Selecting Your Key Variables
The first step in a disclosure risk assessment is the selection of key variables. These are the variables, or the columns in your dataset, that are most likely to lead to the disclosure of confidential information, including an individual’s identity. Watch this video to learn more about different types of variables and how to select your key variables.
Key Takeaways
Classify your variables as identifying and non-identifying.
Identifying variables contain information that can lead to the identification of respondents in the dataset. These can be further categorized as either direct identifiers or indirect identifiers (also referred to as quasi-identifiers). Remember, direct identifiers such as full names, addresses, phone numbers and GPS coordinates should always be removed from the microdata before starting the risk assessment.
Select your key variables.
A key variable is typically an indirect identifier that could be used to re-identify individuals within a dataset or to link records between different datasets. Common examples of key variables are age, marital status, geographical variables, gender, and religion. Removing all indirect identifiers from a dataset is likely to severely limit the analytical value of the dataset. The SDC process is intended to assess the disclosure risk presented by the indirect identifiers and to take steps to limit that risk while maintaining the analytic power of the data.
Note whether your key variables are continuous or categorical.
You will use different techniques to assess the disclosure risk of continuous and categorical variables. Categorical variables take values from a finite set (i.e. gender) whereas continuous variables are numeric variables that can take an infinite number of values (i.e. income). Continuous variables can be transformed into categorical variables by creating intervals (i.e. income brackets).
The sensitivity of indirect identifiers depends on the context.
Direct identifiers are always considered sensitive while the sensitivity of indirect identifiers is often context-specific. This is why it is important to understand both the data environment and the real-life situation when selecting your key variables. Keep in mind that even when indirect identifiers are not themselves sensitive, it may be possible to combine them with other variables to lead to the disclosure of sensitive information.
Pay close attention to exclusive or partial variables.

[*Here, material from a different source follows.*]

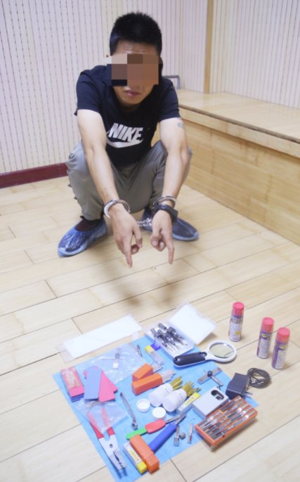 民警將線索反饋至新密市公安局合成作戰指揮中心,調取案發小區附近路面監控順線追蹤,監控畫面顯示,黑衣男子盜竊得手后步行沿北密新路拐到東大街,到某賓館門前駕駛一輛白色寶馬轎車離開,車牌號為豫L6**75。隨即,民警對嫌疑車輛的行車軌跡展開調查,一路追蹤到漯河市。19日下午,刑偵一中隊指導員王子龍帶領偵查員崔士杰、陳柯汀趕至漯河實施抓捕。在當地警方的配合下,民警對嫌疑車輛消失地周邊進行摸排、蹲守,當晚23時許,嫌疑男子準備駕車離開時,被民警抓獲,當場從車內搜出插片、錫紙、十字鎖強開工具、鉗子等開鎖用的作案工具100余件和被盜金銀首飾若干。

While you do not want to remove all indirect identifiers, it may be important to remove some. For example, you may want to consider removing variables with many missing values, such as a variable recorded only for a select group.
General Questions
Key variables are your indirect identifiers that are most likely to lead to a disclosure whereas keys are all the unique combinations of values those indirect identifiers take. For the key variables ‘Marital Status’ and ‘Gender’ you could have keys such as ‘Married, Female’, ‘Married, Male’ and ‘Single, Female’. The number of times, or the frequency, a given key appears in a dataset is the basis for many disclosure risk measures.
Selecting key variables does take some practice. When in doubt, we recommend you working with a few colleagues to do the selection. You can also select different sets of key variables and run a disclosure risk assessment on each. Finally, remember that it is important for you to have an understanding of the data environment before selecting the key variables. Selecting key variables correctly requires you to make assumptions about the data that others are likely to have access to as well as whether specific data is sensitive in your context (even if it might not be considered sensitive in another context).